Task requirements
Although the records include pictures, the copy should not; write out exactly the lines from the first through the line with "昼休みの講堂では女子チームのメンバーが遠投の練習をしていました。".

Data under study
((
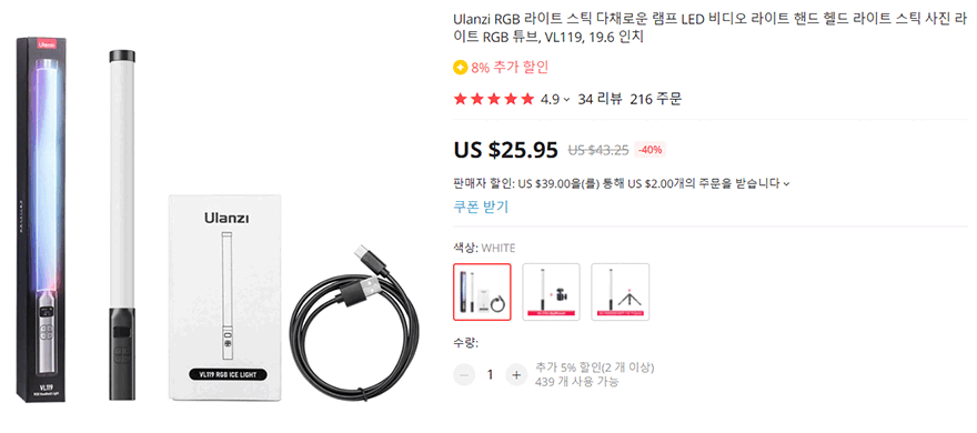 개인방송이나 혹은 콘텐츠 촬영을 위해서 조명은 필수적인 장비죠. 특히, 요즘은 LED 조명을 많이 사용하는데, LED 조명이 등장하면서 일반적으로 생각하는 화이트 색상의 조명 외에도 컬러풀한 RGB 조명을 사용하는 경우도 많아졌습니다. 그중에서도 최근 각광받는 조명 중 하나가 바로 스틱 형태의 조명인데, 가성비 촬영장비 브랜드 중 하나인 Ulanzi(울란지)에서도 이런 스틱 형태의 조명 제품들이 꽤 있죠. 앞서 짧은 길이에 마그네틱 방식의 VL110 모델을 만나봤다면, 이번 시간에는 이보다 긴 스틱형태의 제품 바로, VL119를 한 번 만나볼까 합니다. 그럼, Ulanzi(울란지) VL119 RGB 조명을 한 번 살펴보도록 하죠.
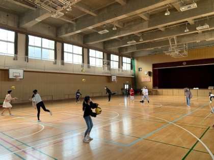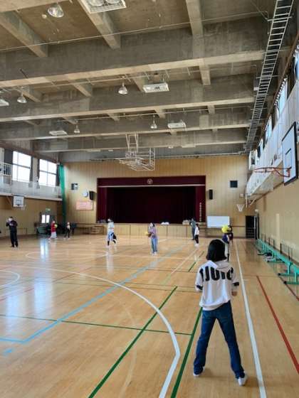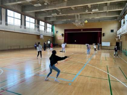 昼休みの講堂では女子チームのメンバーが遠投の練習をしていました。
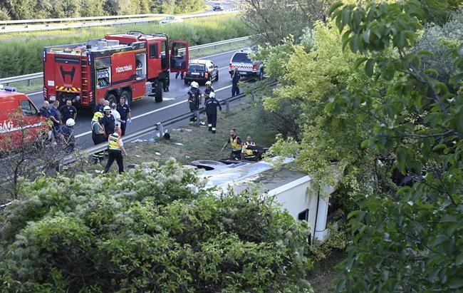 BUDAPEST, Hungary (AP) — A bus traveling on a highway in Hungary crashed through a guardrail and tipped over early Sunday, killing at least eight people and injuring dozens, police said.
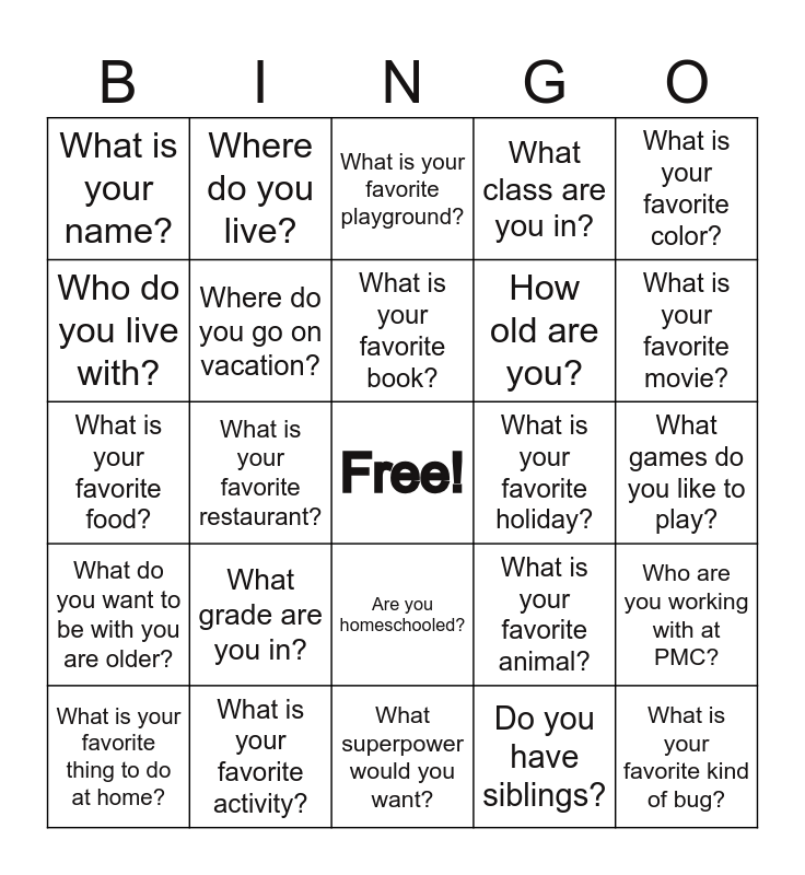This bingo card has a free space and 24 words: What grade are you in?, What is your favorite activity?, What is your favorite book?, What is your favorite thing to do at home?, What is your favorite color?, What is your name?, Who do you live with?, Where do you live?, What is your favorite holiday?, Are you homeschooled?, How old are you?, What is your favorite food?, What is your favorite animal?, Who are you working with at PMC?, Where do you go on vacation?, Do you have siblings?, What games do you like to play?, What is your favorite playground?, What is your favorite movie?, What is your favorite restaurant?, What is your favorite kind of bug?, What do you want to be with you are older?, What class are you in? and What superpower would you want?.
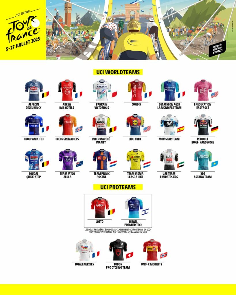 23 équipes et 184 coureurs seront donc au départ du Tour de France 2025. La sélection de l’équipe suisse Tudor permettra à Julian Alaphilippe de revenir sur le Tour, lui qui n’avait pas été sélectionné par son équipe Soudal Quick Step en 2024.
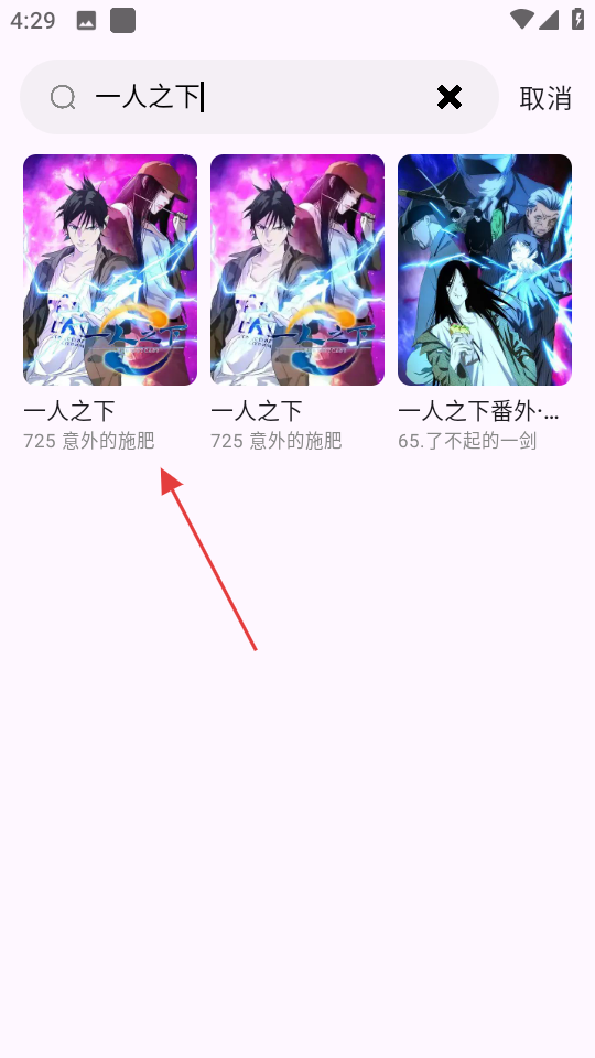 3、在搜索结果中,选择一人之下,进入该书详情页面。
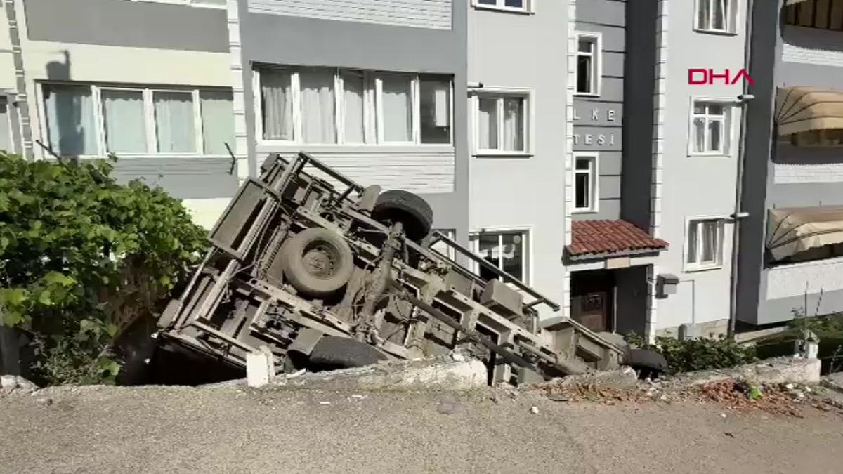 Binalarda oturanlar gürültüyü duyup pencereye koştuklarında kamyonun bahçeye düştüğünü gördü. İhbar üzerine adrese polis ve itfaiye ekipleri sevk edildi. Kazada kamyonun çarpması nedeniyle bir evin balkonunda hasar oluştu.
))
Task output
 개인방송이나 혹은 콘텐츠 촬영을 위해서 조명은 필수적인 장비죠. 특히, 요즘은 LED 조명을 많이 사용하는데, LED 조명이 등장하면서 일반적으로 생각하는 화이트 색상의 조명 외에도 컬러풀한 RGB 조명을 사용하는 경우도 많아졌습니다. 그중에서도 최근 각광받는 조명 중 하나가 바로 스틱 형태의 조명인데, 가성비 촬영장비 브랜드 중 하나인 Ulanzi(울란지)에서도 이런 스틱 형태의 조명 제품들이 꽤 있죠. 앞서 짧은 길이에 마그네틱 방식의 VL110 모델을 만나봤다면, 이번 시간에는 이보다 긴 스틱형태의 제품 바로, VL119를 한 번 만나볼까 합니다. 그럼, Ulanzi(울란지) VL119 RGB 조명을 한 번 살펴보도록 하죠.
 昼休みの講堂では女子チームのメンバーが遠投の練習をしていました。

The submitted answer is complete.